Last Week’s Markets in Review: Soft Landing Hopes Push Dow to All-Time High
Global equity markets finished higher for the week. In the U.S., the S&P 500 Index (S&P 500) closed the week at a level of 4,719, representing an increase of 2.52%, while the Russell Midcap Index moved 4.15% last week. Meanwhile, the Russell 2000 Index, a measure of the Nation’s smallest publicly traded firms, returned 5.60% over the week. As developed international equity performance and emerging markets were higher, returning 2.56% and 2.70%, respectively. Finally, the 10-year U.S. Treasury yield moved lower, closing the week at 3.91%.
The Federal Open Market Committee concluded 2023 by keeping a pause on interest rate activity after delivering four separate 25-basis point hikes throughout the year. The announcement was widely expected after recent lower inflation figures and higher unemployment data suggested that recent Fed actions are starting to impact the economy. For the first time in the current hiking cycle, the committee had somewhat dovish rhetoric by stating that “any” more policy tightening would require consideration of multiple factors, with the word “any” not appearing in any previous statements. Additionally, the updated Dot Plots point towards an expected 75 bps of cuts in 2024, above the previous projection of 50. The plots also suggested 100 bps of cuts in 2025 and another 75 bps in 2026, equating to a possible 250 bps (i.e., 2.50%) of rate cuts over the next three years.
The updated forecasts and commentary from the Fed helped drive equity markets higher last week. In particular, the Dow Jones Industrial Average index (Dow) reached an all-time high by crossing over the 37,000 plateau. The index had not surpassed a level of 36,952 since its previous all-time high was reached on January 5, 2022. Beyond the 30 stocks that represent the Dow Jones Index, the S&P 500 is now less than 2% away from reaching all-time highs itself, and the Nasdaq 100 index sits less than 8% from its highs also previously set in January of 2022.
Heading into 2023, there was great speculation amongst market participants about whether the Fed could create a soft landing for the economy after it aggressively raised interest rates in 2022 and significantly cut down the size of its balance sheet. As we stand in the year’s final weeks, there appears to be a greater likelihood of avoiding a recession, boosting investor sentiment. Despite the positive commentary, patience will be paramount during the remainder of this rate hike cycle. Although inflation has eased, it is still too high, and to get to a 2% target, interest rates will likely “stay higher for longer.” Overall, our outlook for lower rates, yields, and inflation over the next two to three years remains intact, creating opportunities in both stocks and bonds for investors to consider. However, we believe it prudent for individual investors to speak with financial professionals, especially as we head into 2024, to help ensure their investments are positioned according to their specific risk tolerances, time horizons, and objectives.
Best wishes for the week ahead, and Happy Holidays to all!
Equity Market, Fixed Income returns, and rates are from Bloomberg as of 12/15/23. Economic Calendar Data from Econoday as of 12/18/23. International developed markets are measured by the MSCI EAFE Index, emerging markets are measured by the MSCI EM Index, and U.S. Large Caps are defined by the S&P 500 Index. Sector performance is measured using the GICS methodology.

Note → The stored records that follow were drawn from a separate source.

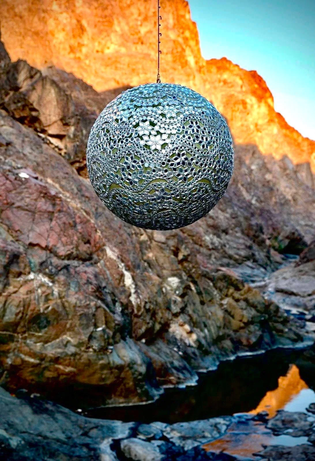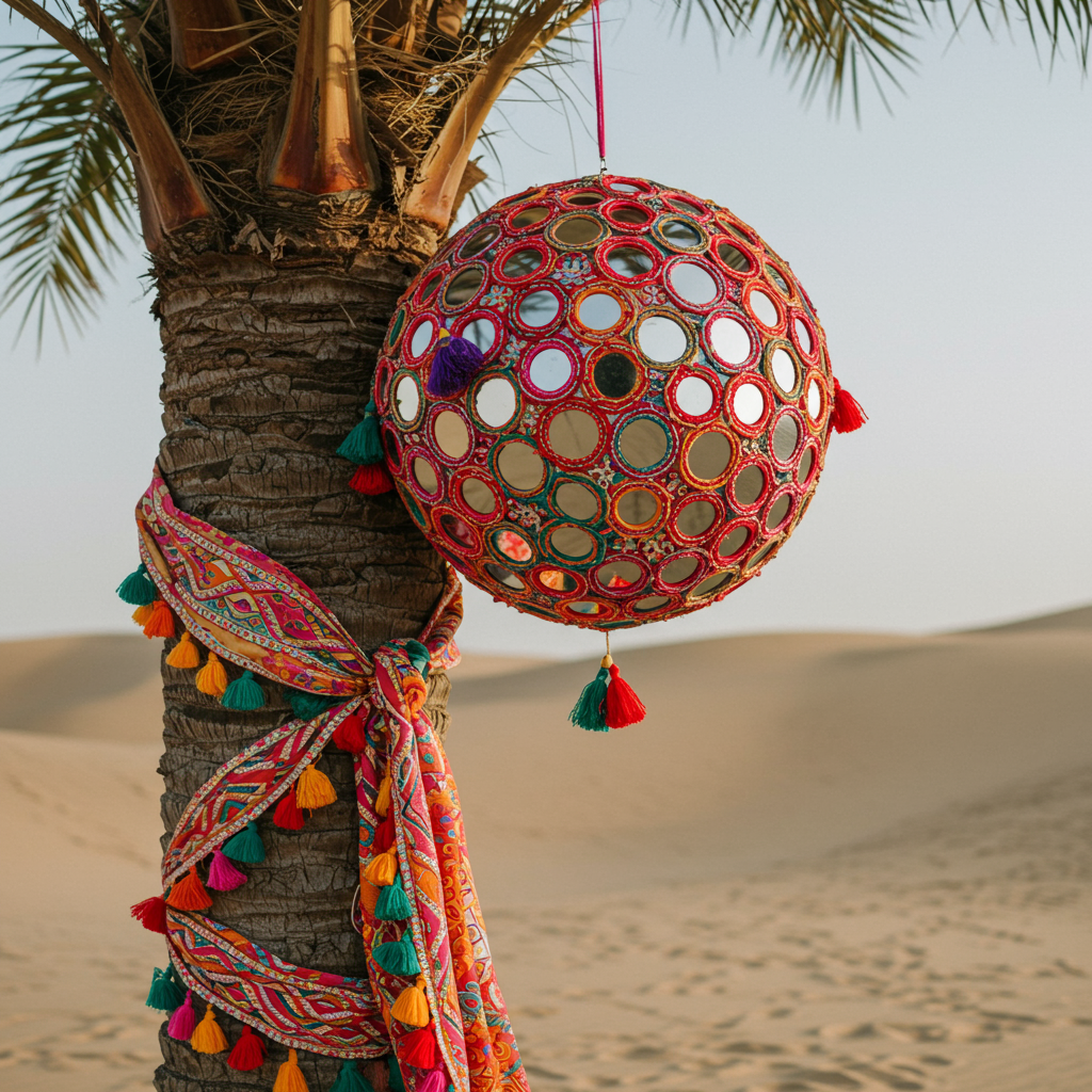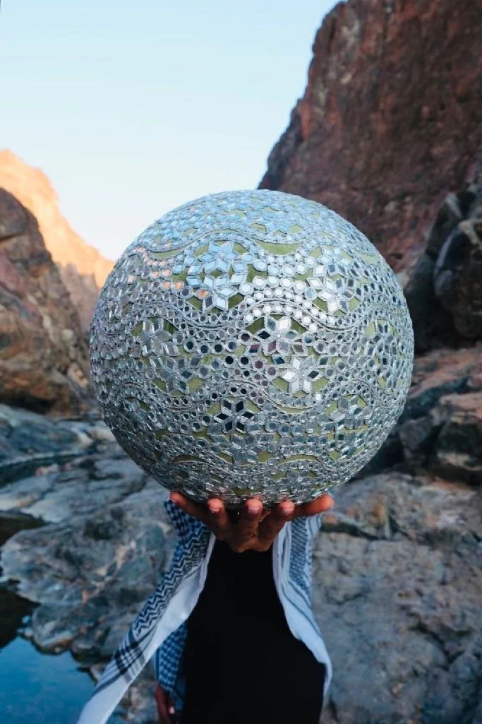 Description: Disco balls are a symbol of glamor and nightlife, and these Desi Discoballs are a fresh take on the originals, using South Asian embroidered mirrors, fashioning them, by hand, into an adapted fusion concept of a beloved symbol of festivity. The series includes multiple versions with varying sizes and designs. Setup concepts include displays in the desert and forest. The idea is to take a decolonized approach to disco, dance, and pleasure. All pieces were created between 2022-2024.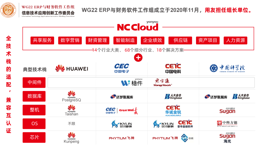 為了推動信創(chuàng)產(chǎn)業(yè)發(fā)展,用友參與了信創(chuàng)聯(lián)盟、信創(chuàng)工委會、WG22 ERP與財務(wù)軟件工作組等組織機構(gòu)。用友NC Cloud與華為鯤鵬體系和中國電子PKS體系等國內(nèi)主流的信創(chuàng)產(chǎn)品進行全棧適配。截止2021年5月,用友NC Cloud已與近50個國產(chǎn)化產(chǎn)品實現(xiàn)兼容認證,形成安全可信的數(shù)智化解決方案。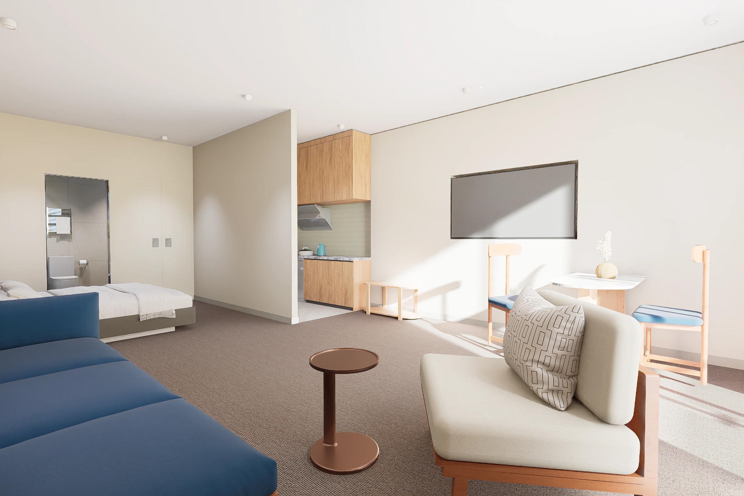 The apartments are designed with efficient layouts and natural light, creating comfortable spaces for both living and remote work. Large windows frame views of the surrounding hills and the distant ocean horizon, bringing the landscape into everyday life. Carefully considered interiors and compact layouts make the homes easy to maintain while remaining comfortable for longer stays.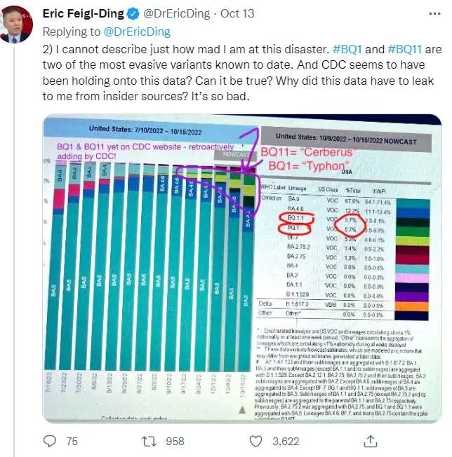 包括从BA.5(占68%)裂变出去的BQ.1、BQ.1.1和BF.7(共占17%),以及从BA.2升级而来的BA.2.75和 BA.2.75.2(约占3%)。
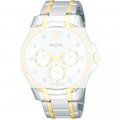 Dit Pulsar horlogebandje is gemaakt van roestvrij staal en wordt aan het horloge bevestigd door middel van bandpennen. De band heeft een breedte van 19 mm en wordt gesloten door middel van een vouwsluiting met drukknoppen. De band heeft geen rechte aanzet wat betekent dat deze band alleen geschikt is voor de horloges die hieronder worden vermeld.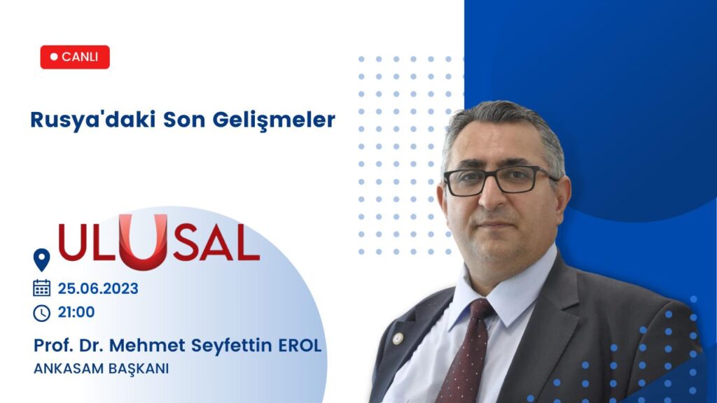 Tarih:25/06/2023Paylaş:TwitterFacebookLinkedinReddItWhatsAppTelegramEmailYazdırCopy URL DuyurularANKASAM Başkanı Prof. Dr. Mehmet Seyfettin Erol Ulusal Kanal’daÖnerilenler Prof. Dr. Mehmet Seyfettin EROL25.06.202321:00Ulusal Kanal, “Özel Yayın”Rusya’daki Son Gelişmelerİzlemek için buraya tıklayınızÖnceki İçerikANKASAM Başdanışmanı Prof. Dr. Cem Karadeli, A Haber’deSonraki İçerikANKASAM Başkanı Prof. Dr. Mehmet Seyfettin Erol TRT Ankara Radyosu’nda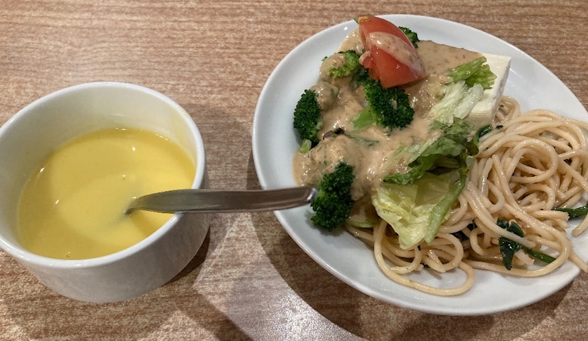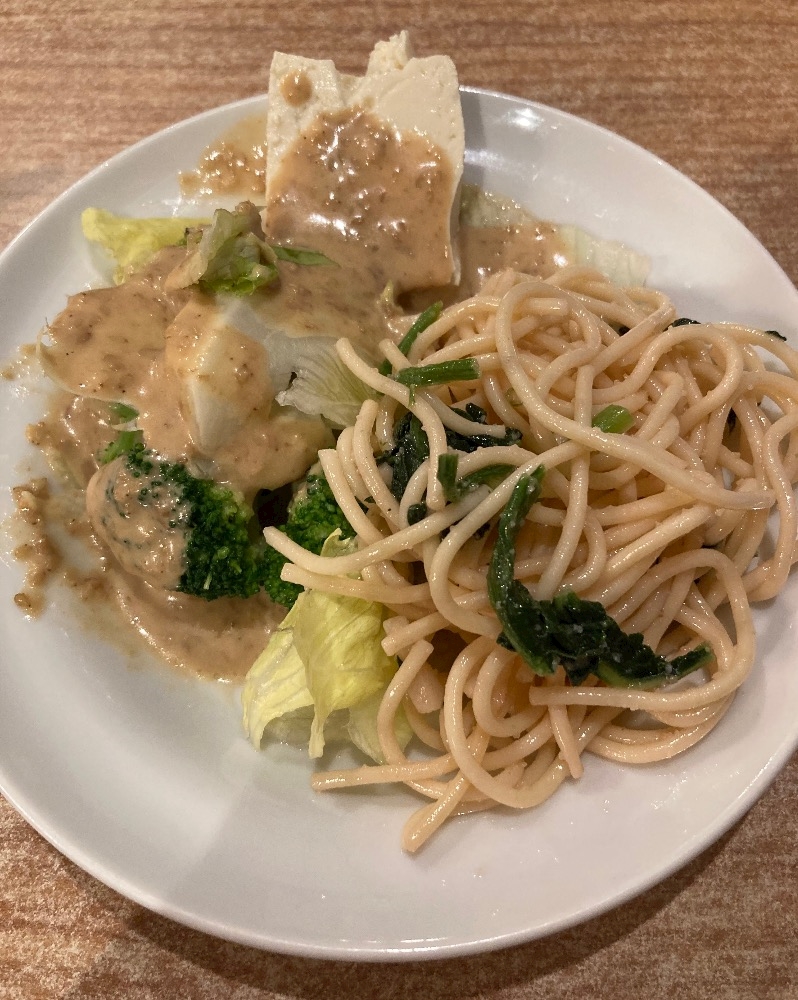 サラダバーにあるパスタで気持ちをおさえます✨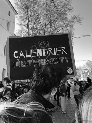 Au niveau local, deux problèmes à l’Université Paul Valéry, révélateurs de l’absence de respect pour les étudiants, ont aussi mobilisé un grand nombre d’entre-nous ce mardi 16 mars : la mise en place des partiels en présentiel (contre lequel plus de 8000 étudiants ont signé la pétition du SCUM), et la mise en place du nouveau calendrier universitaire. Ce nouveau calendrier transforme les vacances de Noël et du second semestre en semaine de révision et place la seconde évaluation du premier semestre en plein milieu du second semestre, au mois de mars. Les étudiants qui comptaient sur les vacances pour se payer leurs études, et ceux qui comptaient sur les secondes évaluations pour améliorer leur notes, se retrouvent sacrifiés au prétexte que certains enseignants refuseraient de corriger leurs copies en temps et en heure.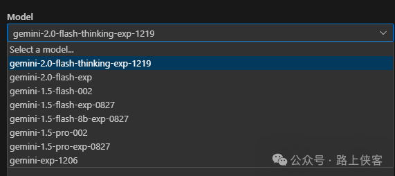 记得这边务必选择第二个模型gemini-2.0-flash-exp, ,第一个最新模型通过API绑定是无法使用的。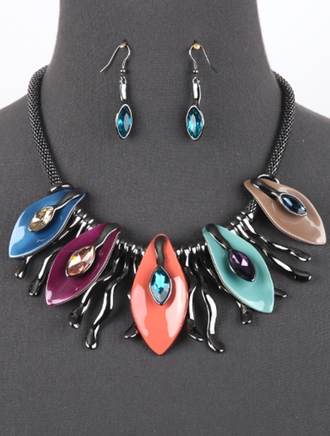 Multi-color leaf necklace statement necklace set with rhinestone accent and hematite chain.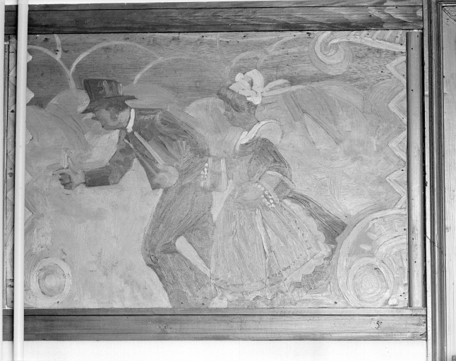 Détail des personnages n°1 de la peinture de la salle à manger.Immatriculation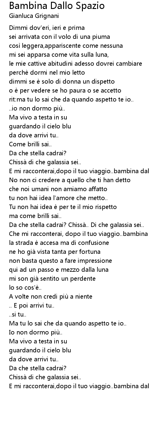 | Song | Bambina Dallo Spazio |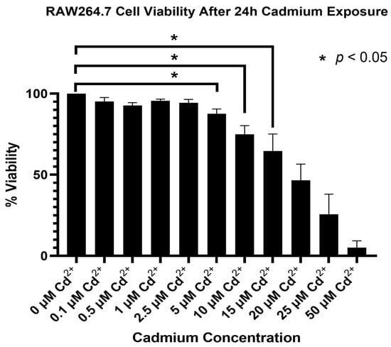 2.1. Cadmium Toxicity Is Dose-Dependent in RAW 264.7 Murine Macrophages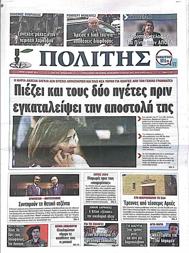 14 Mayıs 2024 Güney Kıbrıs Gazete Manşetleri
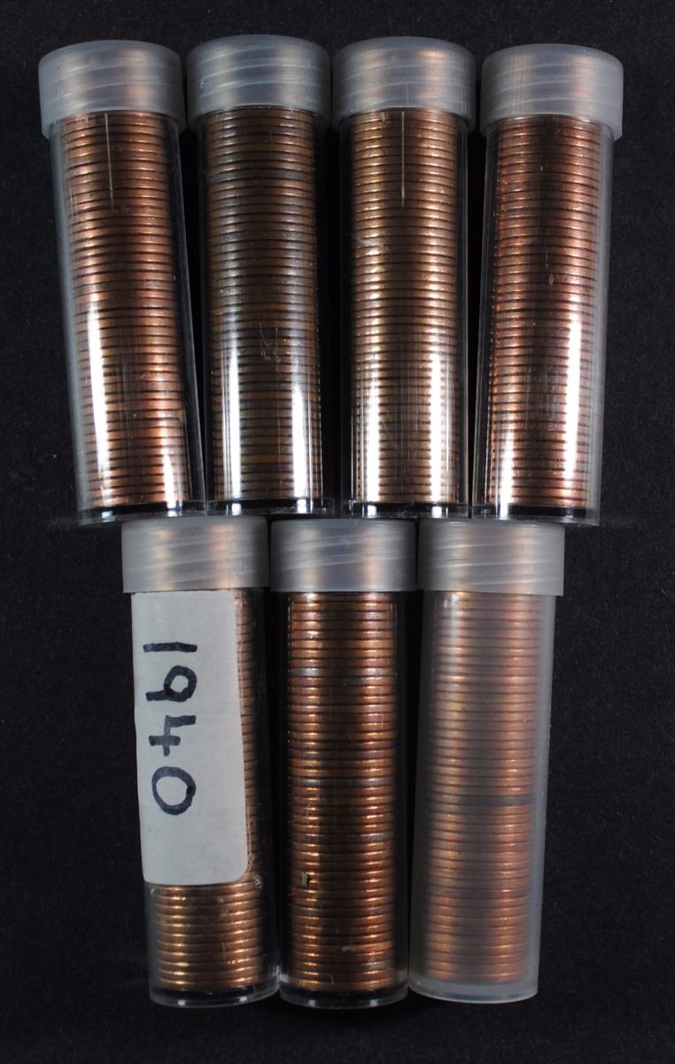 7 - WHEAT CENT ROLLS; 1936, 1937, 1940 CIRC, 2-1945 AU/BU, 1946 & 1948 XF/AU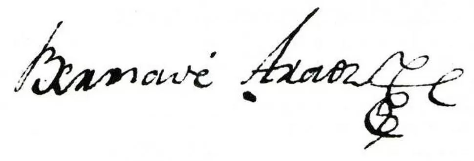 BERNABÉ ARÁOZ. Firma del gobernador de Tucumán, quien en 1821 combatiría contra Martín Güemes.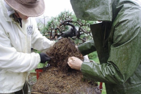 Districhiamo la zolla, il terriccio è prevalentemente composto di pomice e kiryu, perciò molto leggero e facile da togliere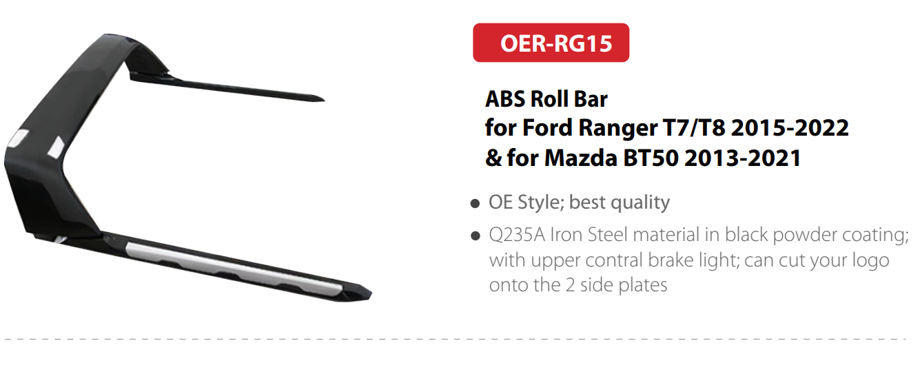 OER-RG15 | ABS Roll Bar for Ford Ranger T7/T8 2015-2022 & for Mazda BT50 2013-2021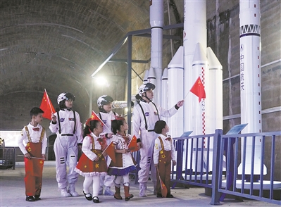 6501工程是中南地區(qū)規(guī)模最大的人工洞窟群,共有上下3層25個洞室、3個大型豎井,被譽為“中國南方地下長城”。然而,自2000年進行旅游開發(fā)以來,6501景區(qū)旅游一直處于不溫不火的狀態(tài)。2019年6月,退役軍人孫英龍主動對接當?shù)卣邮?501景區(qū)。他邀請專家進行了科學論證,決定依托得天獨厚的洞窟資源和有利的自然地貌,打造航空航天國防教育基地,與研學旅行進行高度融合,吸引青少年走進景區(qū)。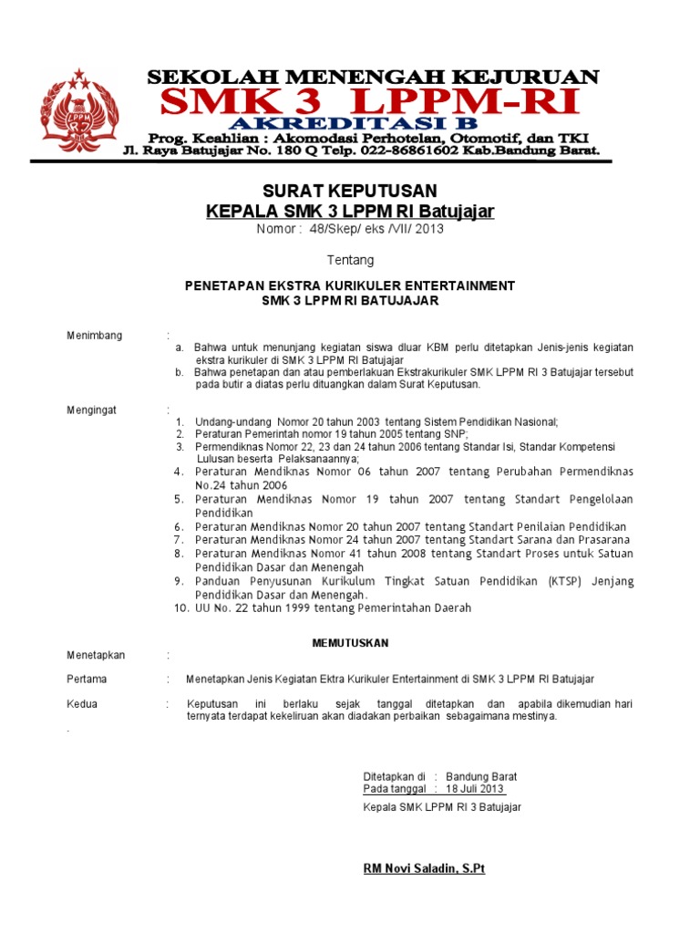 Contoh Surat Keputusan Tentang Ekstrakurikuler Contoh Surat from 2.bp.blogspot.com Check spelling or type a new query. Maybe you would like to learn more about one of these? We did not find results for: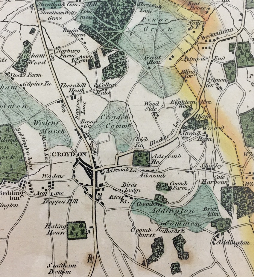 Croydon Common covered 280 acres, less than a tenth of the common land in the parish of Croydon before it was enclosed. The map above shows part of the Common’s southern edge abutting on what is now the northern stretch of Cherry Orchard Road. One track across the common ending here lies along the route later followed by Cross Road. Another track cuts across from the north west, following the later line of Lower Addiscombe Road. Detail from a map of London, published by John Fairburn in 1798(Reproduced courtesy of The London Archives, City of London Corporation).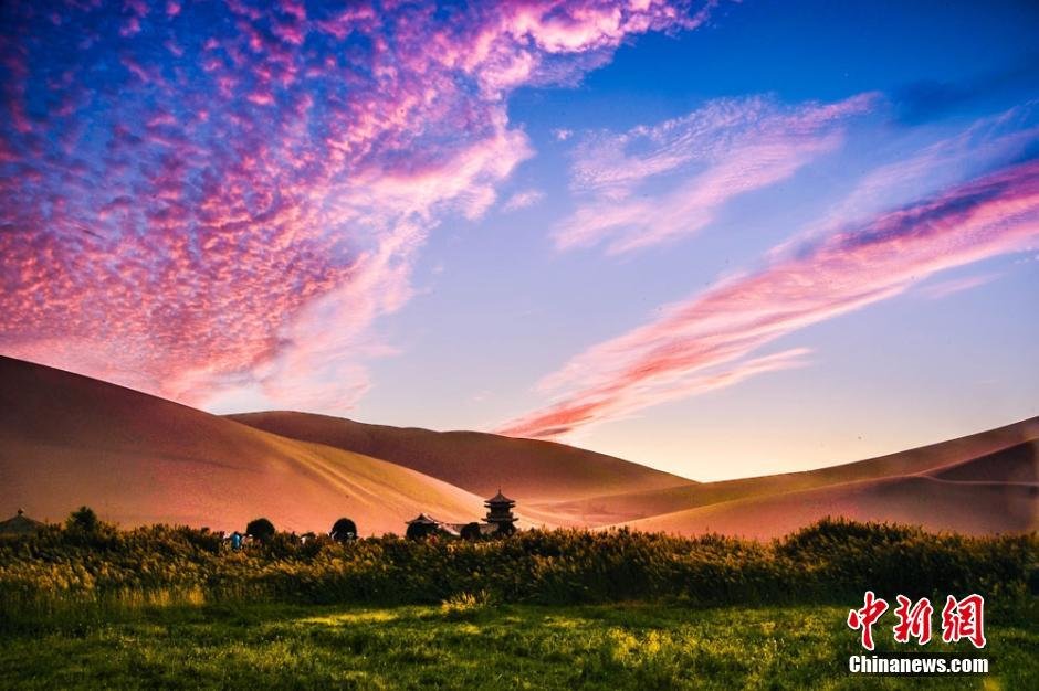 連續(xù)三天來,國際旅游名城甘肅敦煌出現大漠火燒云奇觀。傍晚時分,朵朵白云聚攏在天邊,隨著太陽西沉,濃密的云層被霞光渲染成了橘黃、淡紅、深紅等奇異色彩,并隨著霞光慢慢淡化、直至消失在西邊的天空,這種罕見的火燒云奇觀引得眾多游客驚嘆叫絕,紛紛駐足觀看,并用手中的相機、手機等拍下難得一見的珍貴景象。圖為8月10日,敦煌鳴沙山月牙泉景區(qū)出現大漠火燒云的壯美景象。 王斌銀 攝

Disclosures: Past performance does not guarantee future results. We have taken this information from sources that we believe to be reliable and accurate. Hennion and Walsh cannot guarantee the accuracy of said information and cannot be held liable. You cannot invest directly in an index. Diversification can help mitigate the risk and volatility in your portfolio but does not ensure a profit or guarantee against a loss.